**RECORDS PROVIDED:**

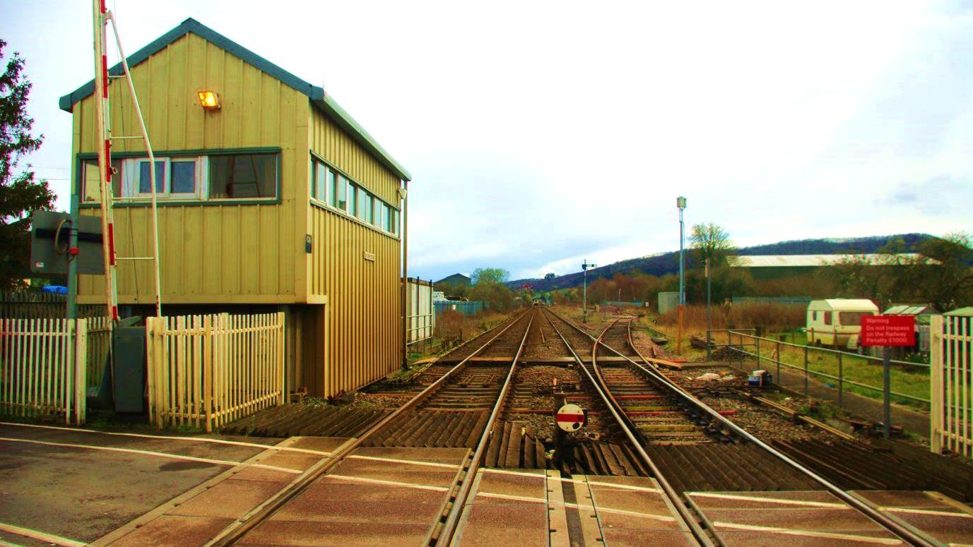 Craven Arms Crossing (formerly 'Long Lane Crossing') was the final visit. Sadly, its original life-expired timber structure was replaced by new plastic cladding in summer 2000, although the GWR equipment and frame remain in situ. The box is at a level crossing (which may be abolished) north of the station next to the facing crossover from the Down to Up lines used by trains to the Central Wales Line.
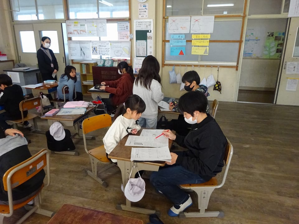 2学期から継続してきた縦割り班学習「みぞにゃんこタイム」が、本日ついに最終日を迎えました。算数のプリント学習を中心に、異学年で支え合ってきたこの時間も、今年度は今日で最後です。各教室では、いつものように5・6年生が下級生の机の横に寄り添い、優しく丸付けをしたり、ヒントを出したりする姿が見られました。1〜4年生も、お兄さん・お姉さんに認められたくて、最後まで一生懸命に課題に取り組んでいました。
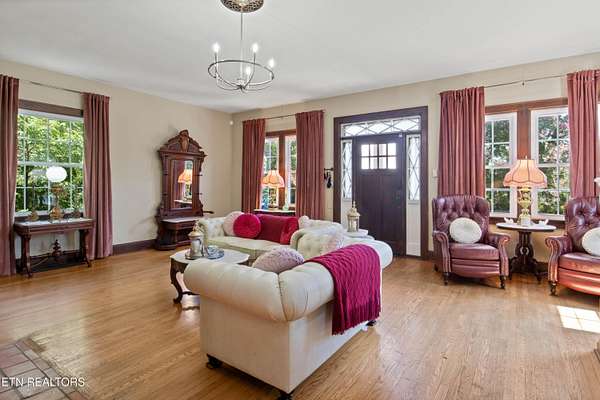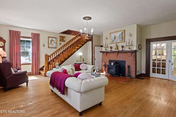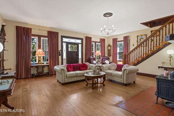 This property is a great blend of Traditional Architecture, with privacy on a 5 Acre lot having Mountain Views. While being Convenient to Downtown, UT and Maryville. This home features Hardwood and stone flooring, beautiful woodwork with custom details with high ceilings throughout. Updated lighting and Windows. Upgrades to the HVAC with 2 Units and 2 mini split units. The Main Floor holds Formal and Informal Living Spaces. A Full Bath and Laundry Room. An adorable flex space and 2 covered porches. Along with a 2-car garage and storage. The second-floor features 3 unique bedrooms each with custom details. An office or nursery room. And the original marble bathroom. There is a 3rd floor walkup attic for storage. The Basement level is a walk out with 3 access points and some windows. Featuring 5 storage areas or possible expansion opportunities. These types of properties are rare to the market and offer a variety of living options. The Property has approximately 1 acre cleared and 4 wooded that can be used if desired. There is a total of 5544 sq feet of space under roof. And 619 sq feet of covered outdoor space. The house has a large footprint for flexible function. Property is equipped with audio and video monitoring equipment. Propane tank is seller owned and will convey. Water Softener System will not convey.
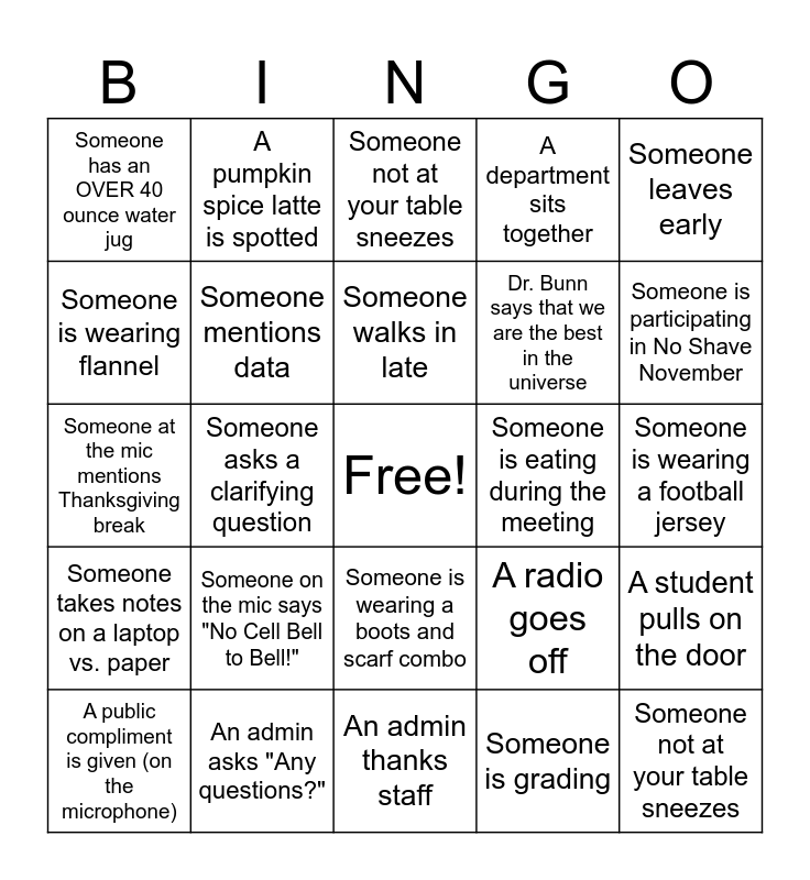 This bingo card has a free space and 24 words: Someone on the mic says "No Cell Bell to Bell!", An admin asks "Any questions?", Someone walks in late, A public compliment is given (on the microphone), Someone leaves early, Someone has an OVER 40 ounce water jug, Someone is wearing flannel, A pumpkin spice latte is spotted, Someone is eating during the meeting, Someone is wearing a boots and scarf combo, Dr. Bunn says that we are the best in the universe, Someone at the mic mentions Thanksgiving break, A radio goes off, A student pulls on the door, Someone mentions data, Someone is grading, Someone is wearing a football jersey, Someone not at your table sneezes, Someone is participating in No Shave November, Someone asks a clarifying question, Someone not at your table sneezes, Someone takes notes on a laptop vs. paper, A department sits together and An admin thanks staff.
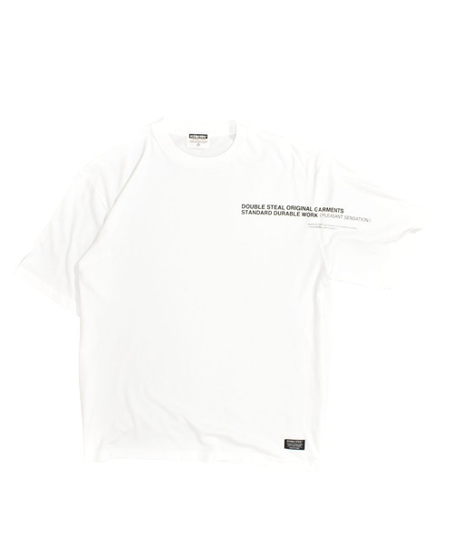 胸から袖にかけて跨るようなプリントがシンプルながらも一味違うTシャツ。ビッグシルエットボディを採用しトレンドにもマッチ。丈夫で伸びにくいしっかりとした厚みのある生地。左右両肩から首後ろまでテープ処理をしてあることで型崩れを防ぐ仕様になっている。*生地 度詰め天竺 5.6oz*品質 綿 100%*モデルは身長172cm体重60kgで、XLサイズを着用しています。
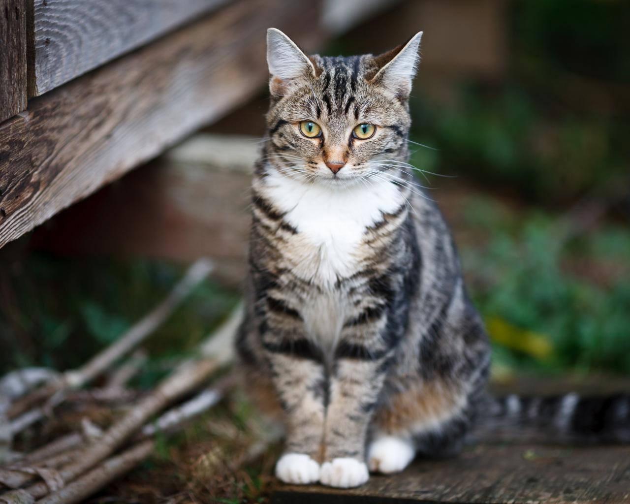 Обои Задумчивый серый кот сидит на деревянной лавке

**TASK GOAL:** Everything in the data above gets copied exactly. Only the pictures are skipped.

**ANSWER:**
 Craven Arms Crossing (formerly 'Long Lane Crossing') was the final visit. Sadly, its original life-expired timber structure was replaced by new plastic cladding in summer 2000, although the GWR equipment and frame remain in situ. The box is at a level crossing (which may be abolished) north of the station next to the facing crossover from the Down to Up lines used by trains to the Central Wales Line.
 2学期から継続してきた縦割り班学習「みぞにゃんこタイム」が、本日ついに最終日を迎えました。算数のプリント学習を中心に、異学年で支え合ってきたこの時間も、今年度は今日で最後です。各教室では、いつものように5・6年生が下級生の机の横に寄り添い、優しく丸付けをしたり、ヒントを出したりする姿が見られました。1〜4年生も、お兄さん・お姉さんに認められたくて、最後まで一生懸命に課題に取り組んでいました。
 This property is a great blend of Traditional Architecture, with privacy on a 5 Acre lot having Mountain Views. While being Convenient to Downtown, UT and Maryville. This home features Hardwood and stone flooring, beautiful woodwork with custom details with high ceilings throughout. Updated lighting and Windows. Upgrades to the HVAC with 2 Units and 2 mini split units. The Main Floor holds Formal and Informal Living Spaces. A Full Bath and Laundry Room. An adorable flex space and 2 covered porches. Along with a 2-car garage and storage. The second-floor features 3 unique bedrooms each with custom details. An office or nursery room. And the original marble bathroom. There is a 3rd floor walkup attic for storage. The Basement level is a walk out with 3 access points and some windows. Featuring 5 storage areas or possible expansion opportunities. These types of properties are rare to the market and offer a variety of living options. The Property has approximately 1 acre cleared and 4 wooded that can be used if desired. There is a total of 5544 sq feet of space under roof. And 619 sq feet of covered outdoor space. The house has a large footprint for flexible function. Property is equipped with audio and video monitoring equipment. Propane tank is seller owned and will convey. Water Softener System will not convey.
 This bingo card has a free space and 24 words: Someone on the mic says "No Cell Bell to Bell!", An admin asks "Any questions?", Someone walks in late, A public compliment is given (on the microphone), Someone leaves early, Someone has an OVER 40 ounce water jug, Someone is wearing flannel, A pumpkin spice latte is spotted, Someone is eating during the meeting, Someone is wearing a boots and scarf combo, Dr. Bunn says that we are the best in the universe, Someone at the mic mentions Thanksgiving break, A radio goes off, A student pulls on the door, Someone mentions data, Someone is grading, Someone is wearing a football jersey, Someone not at your table sneezes, Someone is participating in No Shave November, Someone asks a clarifying question, Someone not at your table sneezes, Someone takes notes on a laptop vs. paper, A department sits together and An admin thanks staff.
 胸から袖にかけて跨るようなプリントがシンプルながらも一味違うTシャツ。ビッグシルエットボディを採用しトレンドにもマッチ。丈夫で伸びにくいしっかりとした厚みのある生地。左右両肩から首後ろまでテープ処理をしてあることで型崩れを防ぐ仕様になっている。*生地 度詰め天竺 5.6oz*品質 綿 100%*モデルは身長172cm体重60kgで、XLサイズを着用しています。
 Обои Задумчивый серый кот сидит на деревянной лавке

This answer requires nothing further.